Feel free to start your own, to be honest I feel it's like the only major language missing now, as we have PHP with Mbin, Rust with Lemmy, Python with Piefed and Java with Sublinks
We chose that, as we already saw the things that can be done wrongly with rust. And no one of the sublinks team can do rust really, so it was just a matter of what languages can be learned faster and/or have already good knowledge about a programming language.
If you really want performance, please write your code in binary, then you have no compiler, no runtime just plain binary code, it will be fast but unreadable ( like rust if wrongly done ). Java is just a good old and known programming language. There are already some techniques to improve performance and / or cluster your application up. With an load balancers. Something like lemmy tried, but a little bit easier and extendable.
If you really want performance, please write your code in binary, then you have no compiler, no runtime just plain binary code, it will be fast but unreadable
Its a stupid take, to dismisy java and JuSt UsE RuSt. We chose java for a reason, we want to get going with development, that cant be done with slowly building up a rust team. As they are already bussy on lemmy. So it would be just a fight for developers too.
Its a stupid take, to dismisy java and JuSt UsE RuSt.
Isn't Sublinks more like dismissing Rust and saying "JuSt UsE JaVa" to use your own words? I mean Lemmy is already there with Rust and development is already going with an existing Rust team. If all the Sublinks devs wanted was to improve mod tools, it'd probably take much less time to just learn Rust and start contributing to Lemmy.
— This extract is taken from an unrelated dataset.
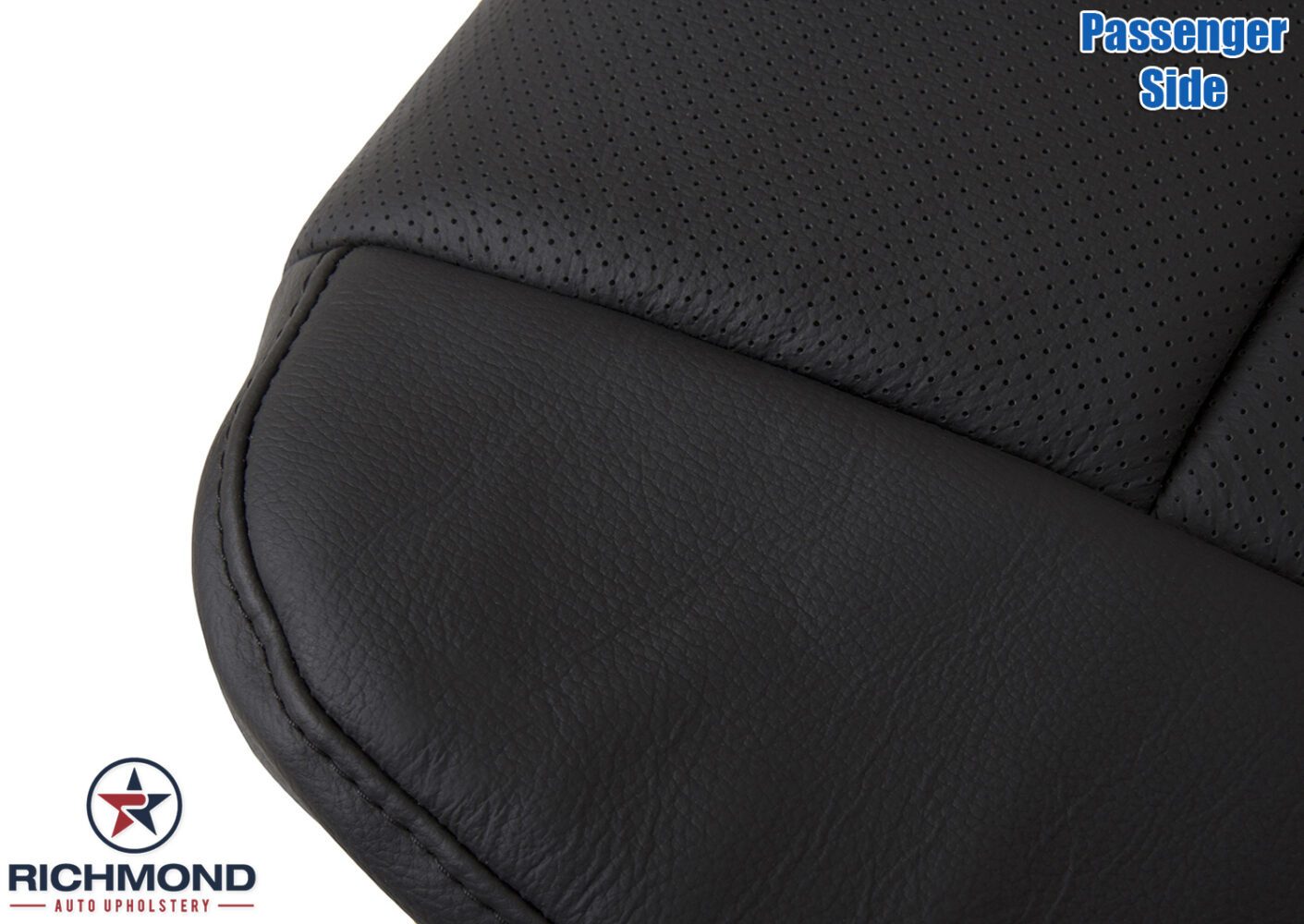 2012 Ford F-150 Harley-Davidson Replacement Leather Seat Cover: Passenger Side Bottom, Black with Synthetic Leather Perforation

But I suspect that just improving mod tools is just part of the motivation and the real motivation is to not depend on the existing Lemmy devs and use Java instead of Rust (i.e. "JuSt UsE JaVa").
To be clear, they are totally welcome to do that, but it sounds kinda weird to argue that people are saying "JuSt UsE RuSt" in some sarcastic manner when that is what is already there and is being used.
And no one of the sublinks team can do rust really, so it was just a matter of what languages can be learned faster and/or have already good knowledge about a programming language.
Nutomic, one of the main Lemmy devs, didn't know Rust either when he started contributing. It's really not so difficult to learn as it seems.
I'd love to help anyone learn btw. I unfortunately don't have the time to contribute to Lemmy myself but I love teaching so if anyone would like to learn some Rust, hit me up.
Don't tempt me. I've been meaning to put together a simple Rust API for ages and just haven't gotten around to it. AI was still bad at Rust when I last tried, making up crates, etc.
I've read, uh, half the Rust book. So I get the basic concepts.
Especially not when deciding on libraries, etc, there's literally been supply chain attacks creating fake libraries with the same fake names that chatgpt wrongly suggests
way to tell devs to fuck off and stop complaining. ngl I'm interested in this space, know java well, and still was immediately turned off by Java. SPRING BOOT no less. does your internal team work with anybody that has experience in building TEAMS and not just software? if you did, you guys should know what devs want and it's NOT writing java sb for free. this is a bad take, especially coming from an engineering leader.
Java isn't inherently better at running as a distributed system than any other language is. If you want a service that can horizontally scale infinitely, learn Erlang and use the BEAM VM.